Overview
- Manufacturer: FAW-GM
- Production: 2011–2015

Body and chassis
- Class: Compact pickup truck
- Body style: 4-door Truck
- Related: Isuzu D-Max

Powertrain
- Engine: 2.2 L I4 (gasoline) turbo 2.4 L I4 (diesel)
- Transmission: 5-speed manual

Dimensions
- Wheelbase: 3,025 mm (119.1 in)
- Length: 5,070 mm (199.6 in)
- Width: 1,740 mm (68.5 in)
- Height: 1,720 mm (67.7 in)
- Curb weight: 1480kg

= FAW-GM Kuncheng =

Chinese compact pickup

The FAW-GM Kuncheng (坤程) is a compact pickup truck that is developed as a joint venture between General Motors and First Automotive Works.

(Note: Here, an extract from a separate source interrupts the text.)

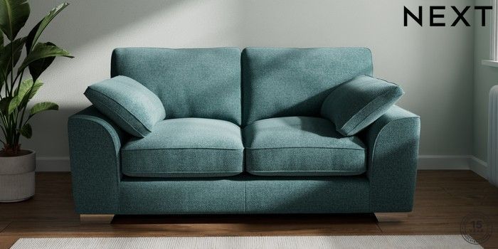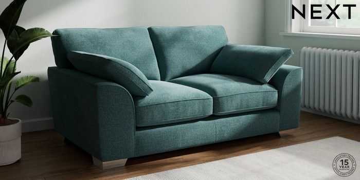 7.3.1 Buy Stamford Grand Relaxed Sit 2 Seater Sofa Chunky Chenille Mid Teal Green Large Square Angle - Chrome Metal from the Next UK online shop Click here to use our accessible website
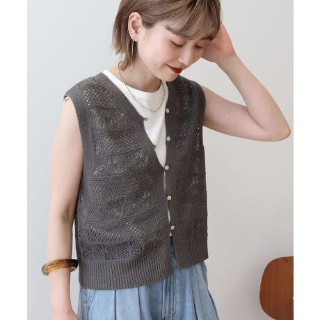 おしゃれなレースの編み地が夏のシーズンムードを盛り上げるニットベスト。レイヤードの透け感を楽しめるトレンドを押さえた1着です。シルエットはコンパクトながらも、アームホールを広めにデザイン。夏はチューブトップやキャミソールを合わせた涼やかなスタイルに、TシャツやロングTシャツとも相性良くロングシーズン着用いただけます。前後2WAY仕様で着回し力も抜群。透け感[あり]

It is currently sold only in mainland China.

==Overview==
The FAW-GM Kuncheng pickup is only available as a crew cab with the body being shared with the pre-facelift first generation Isuzu D-Max due to the GM connection. The powertrain is a domestic-sourced 2.2 liter gasoline engine from Chinese engine maker Xin’guang Huachen with a maximum output of 76 kW and 193 Nm, mated to a 5-speed manual transmission. A model powered by a 2.4 liter diesel engine is also available.